Your objective
Everything in the listing except the pictures should be written out exactly.

*** Opening of Extracted entries ***

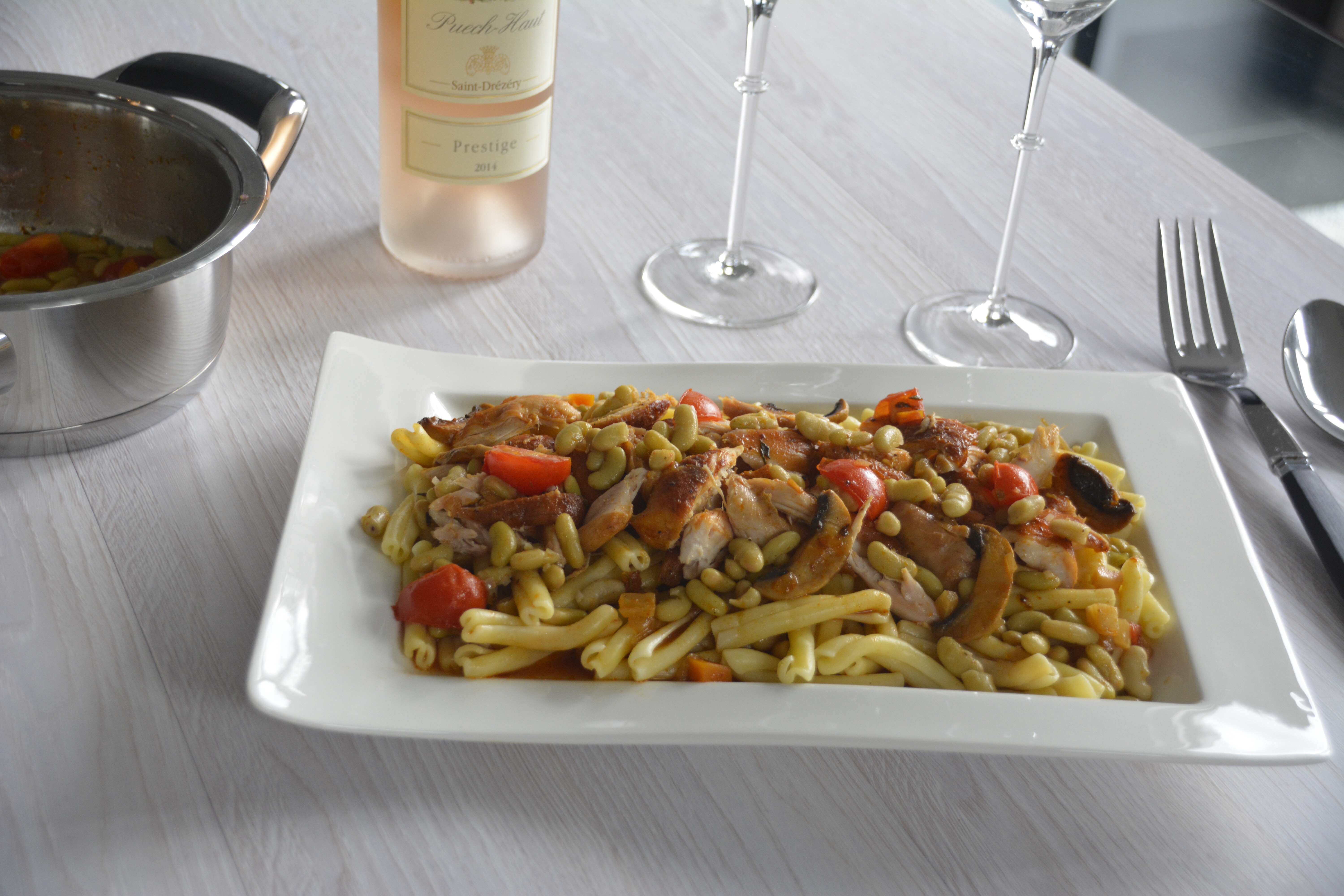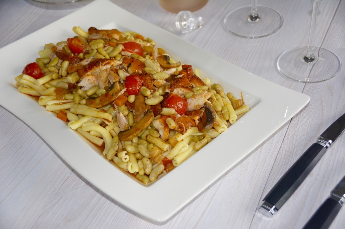Das Fleisch aus dem Ofen nehmen , von den Knochen machen und in Stücke zupfen. Die Flageotletbohnen mit etwas Knoblauch in Olivenöl kurz andämpfen, die Kirschtomaten in der Mitte durchschneiden und mitschwenken. Dann die anderen Zutaten zusammen in die Pfanne geben, Fleisch , Nudeln und Sauce mit dem geschmortem Gemüse. Alles durchschwenken.
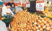 5일 서울 중구 롯데마트 서울역점이 양파 1개를 450원에 판매하는 행사를 열고 있다. 최근 서울 가락시장의 양파 1kg 도매가격이 1200원을 돌파하는 등 양파 가격이 계속 상승하자 롯데마트는 가격 안정화 차원에서 8일까지 300t 한정으로 이 같은 행사를 열고 있다. 장승윤 기자 tomato99@donga.com}
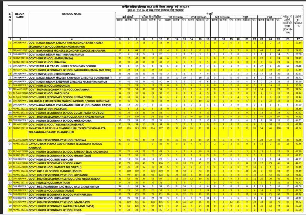 रायपुर। CG News:छत्तीसगढ़ में कक्षा 10वीं और 12वीं के परीक्षा परिणामों में खराब प्रदर्शन करने वाले स्कूलों की अब गहन जांच और उनके शिक्षकों पर कार्रवाई की तैयारी शुरू हो चुकी है। जिले में 40 ऐसे स्कूल चिन्हित किए गए हैं जिनका परीक्षा परिणाम 50 प्रतिशत से भी कम रहा है।
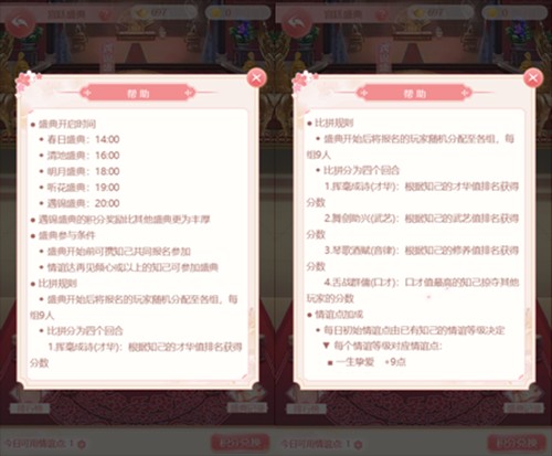 提升知己的情谊,可以提高小主的势力,同时也可以解锁乾清宫,参与宫廷盛典。每提升一位知己达到再见倾心,则可以多参加一场盛典,最高5场盛典,每场盛典开启时间都不同,小主可在盛典开始前,派遣知己参与,参与前可以分配情谊点,临时增加知己的属性。每场盛典比拼分为4个回合,分别比拼才华、武艺、音律、口才四项属性,其中才华、武艺、音律回合可获得分数,口才回合可以掠夺其他玩家分数!以最终分数作为排名依据,根据排名发放奖励。
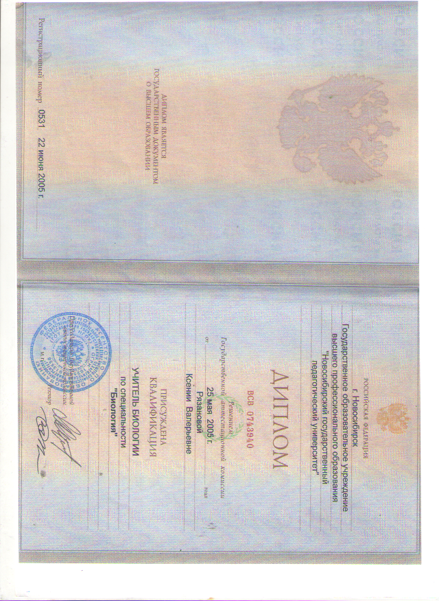 Образование по специальности: Биология. Присвоена квалификация: учитель биологии. Документ о получении образования: скачать
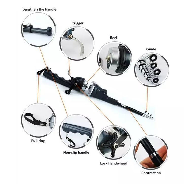 murah joran pancing lipat mini portable teleskopik 2in1 reel senar pancing set tongkat pancing rod
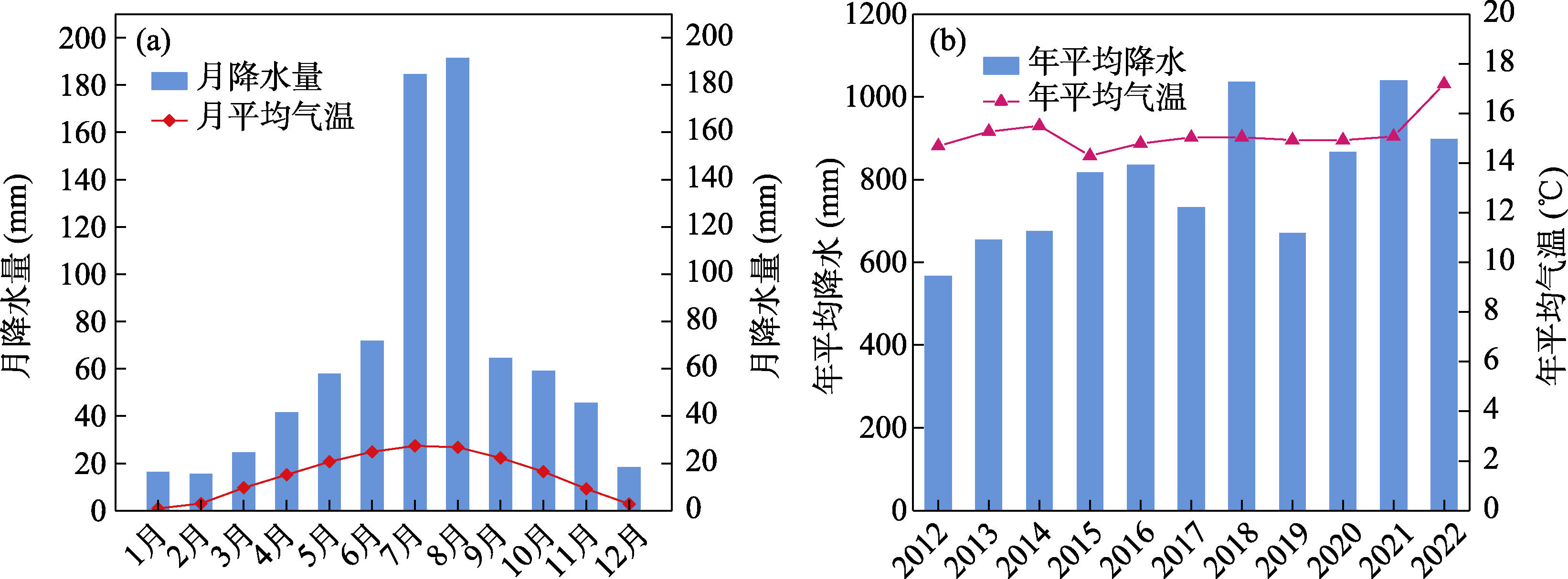 丰县为暖温带半湿润季风气候区,四季分明,光照充足,是江苏气温最低、降水最少的一个县[16]。丰县年平均气温15 ℃,年平均降水量在630.4 mm,雨热同季(图2),无霜期达210天。2012-2022年,丰县年平均气温没有明显变化,年降水量呈现出上升趋势(图2)。
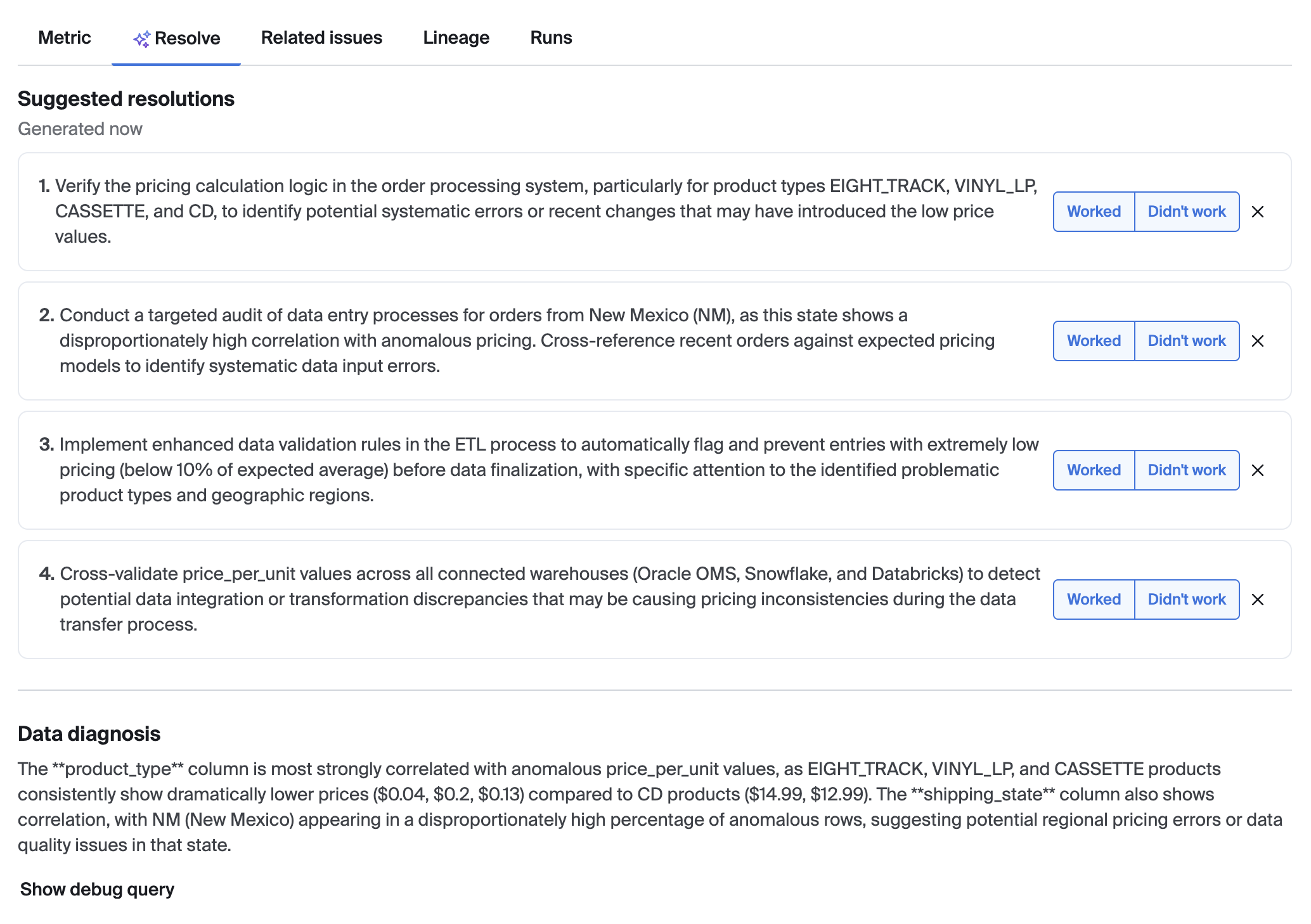 The Resolve tab helps you identify resolution steps to fix the issue, as well as diagnostic information that can help explain why the issue is happening. Suggestions are generated using bigAI if it is enabled in your account.
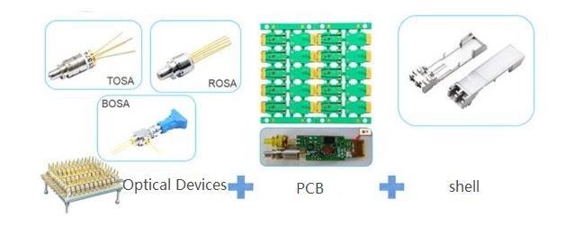 In fact, to be precise, the optical module is composed of three parts: an optoelectronic device (TOSA,ROSA,BOSA), an optical interface (housing) and a PCB board. Secondly, its role is to convert the electrical signal from the transmitter into an optical signal, after transmission through the optical fiber, the receiver then convert the optical signal into an electrical signal, simply put is the electronic components of photoelectric conversion.

*** Close of Extracted entries ***

Exercise answer
Das Fleisch aus dem Ofen nehmen , von den Knochen machen und in Stücke zupfen. Die Flageotletbohnen mit etwas Knoblauch in Olivenöl kurz andämpfen, die Kirschtomaten in der Mitte durchschneiden und mitschwenken. Dann die anderen Zutaten zusammen in die Pfanne geben, Fleisch , Nudeln und Sauce mit dem geschmortem Gemüse. Alles durchschwenken.
 5일 서울 중구 롯데마트 서울역점이 양파 1개를 450원에 판매하는 행사를 열고 있다. 최근 서울 가락시장의 양파 1kg 도매가격이 1200원을 돌파하는 등 양파 가격이 계속 상승하자 롯데마트는 가격 안정화 차원에서 8일까지 300t 한정으로 이 같은 행사를 열고 있다. 장승윤 기자 tomato99@donga.com}
 रायपुर। CG News:छत्तीसगढ़ में कक्षा 10वीं और 12वीं के परीक्षा परिणामों में खराब प्रदर्शन करने वाले स्कूलों की अब गहन जांच और उनके शिक्षकों पर कार्रवाई की तैयारी शुरू हो चुकी है। जिले में 40 ऐसे स्कूल चिन्हित किए गए हैं जिनका परीक्षा परिणाम 50 प्रतिशत से भी कम रहा है।
 提升知己的情谊,可以提高小主的势力,同时也可以解锁乾清宫,参与宫廷盛典。每提升一位知己达到再见倾心,则可以多参加一场盛典,最高5场盛典,每场盛典开启时间都不同,小主可在盛典开始前,派遣知己参与,参与前可以分配情谊点,临时增加知己的属性。每场盛典比拼分为4个回合,分别比拼才华、武艺、音律、口才四项属性,其中才华、武艺、音律回合可获得分数,口才回合可以掠夺其他玩家分数!以最终分数作为排名依据,根据排名发放奖励。
 Образование по специальности: Биология. Присвоена квалификация: учитель биологии. Документ о получении образования: скачать
 murah joran pancing lipat mini portable teleskopik 2in1 reel senar pancing set tongkat pancing rod
 丰县为暖温带半湿润季风气候区,四季分明,光照充足,是江苏气温最低、降水最少的一个县[16]。丰县年平均气温15 ℃,年平均降水量在630.4 mm,雨热同季(图2),无霜期达210天。2012-2022年,丰县年平均气温没有明显变化,年降水量呈现出上升趋势(图2)。
 The Resolve tab helps you identify resolution steps to fix the issue, as well as diagnostic information that can help explain why the issue is happening. Suggestions are generated using bigAI if it is enabled in your account.
 In fact, to be precise, the optical module is composed of three parts: an optoelectronic device (TOSA,ROSA,BOSA), an optical interface (housing) and a PCB board. Secondly, its role is to convert the electrical signal from the transmitter into an optical signal, after transmission through the optical fiber, the receiver then convert the optical signal into an electrical signal, simply put is the electronic components of photoelectric conversion.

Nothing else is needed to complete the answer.